PROBLEM DESCRIPTION:
For the records below, copy exactly the span that begins at the line containing "Women's Cheetah Print" and stops after the line containing "Пикантная и очень", minus any pictures.

THE RECORDS:
........
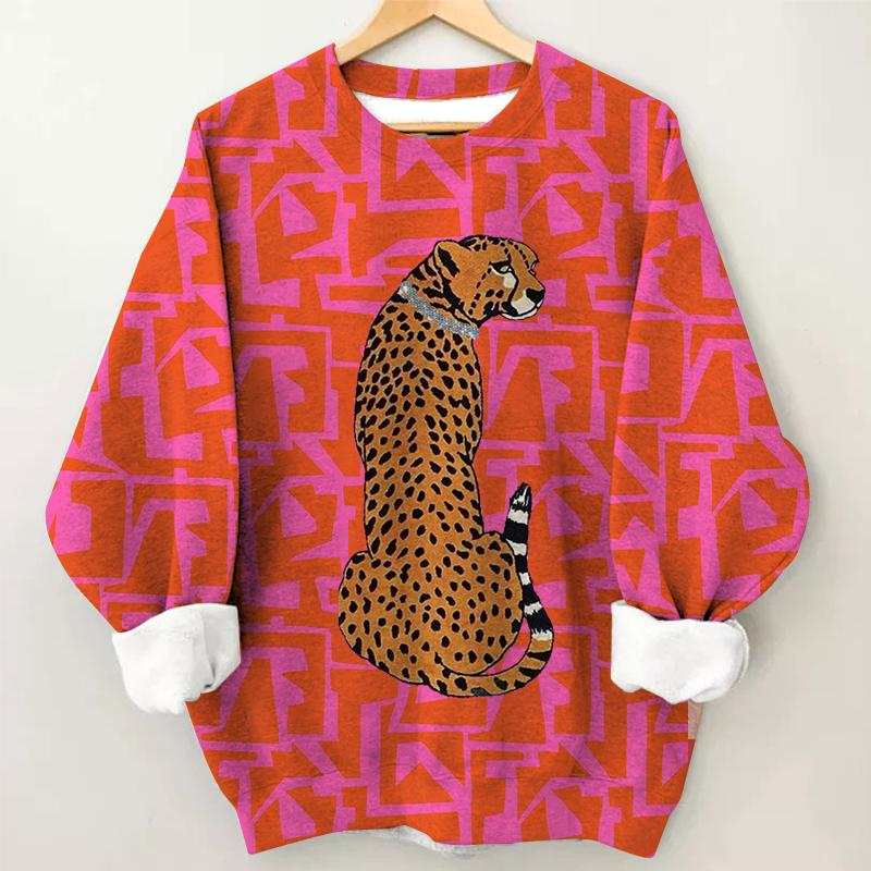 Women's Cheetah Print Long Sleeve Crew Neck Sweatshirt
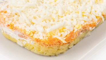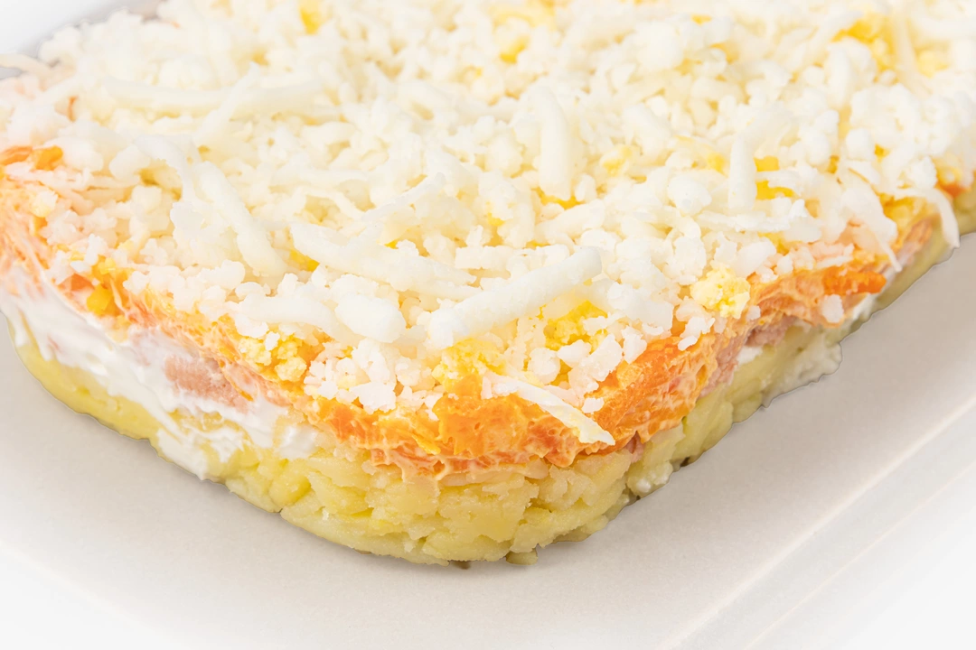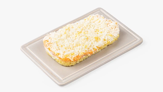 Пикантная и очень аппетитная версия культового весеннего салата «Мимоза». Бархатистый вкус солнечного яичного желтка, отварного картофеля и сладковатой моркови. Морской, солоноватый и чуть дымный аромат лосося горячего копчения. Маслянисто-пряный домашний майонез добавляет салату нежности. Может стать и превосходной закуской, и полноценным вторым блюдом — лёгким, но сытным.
........
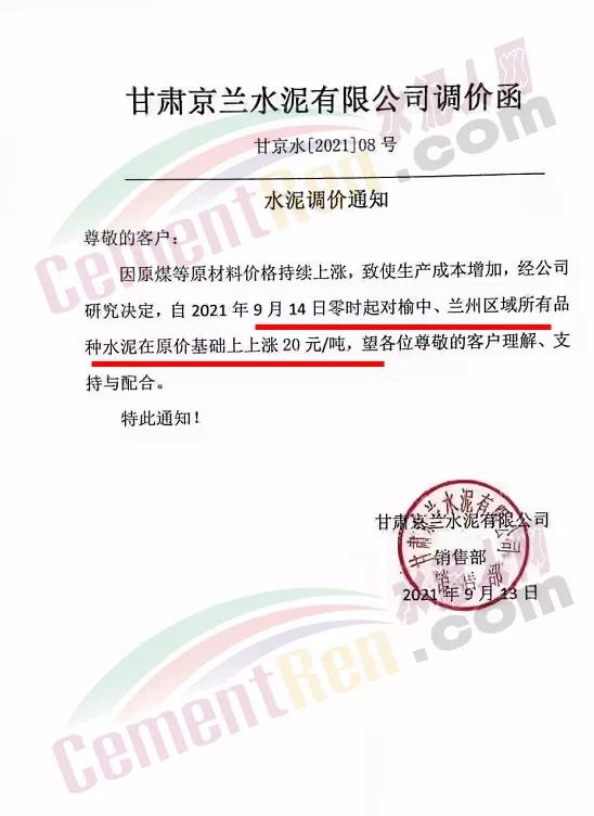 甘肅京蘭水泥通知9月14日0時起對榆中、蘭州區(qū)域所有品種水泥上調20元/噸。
........
FINISHED EXERCISE:
 Women's Cheetah Print Long Sleeve Crew Neck Sweatshirt
 Пикантная и очень аппетитная версия культового весеннего салата «Мимоза». Бархатистый вкус солнечного яичного желтка, отварного картофеля и сладковатой моркови. Морской, солоноватый и чуть дымный аромат лосося горячего копчения. Маслянисто-пряный домашний майонез добавляет салату нежности. Может стать и превосходной закуской, и полноценным вторым блюдом — лёгким, но сытным.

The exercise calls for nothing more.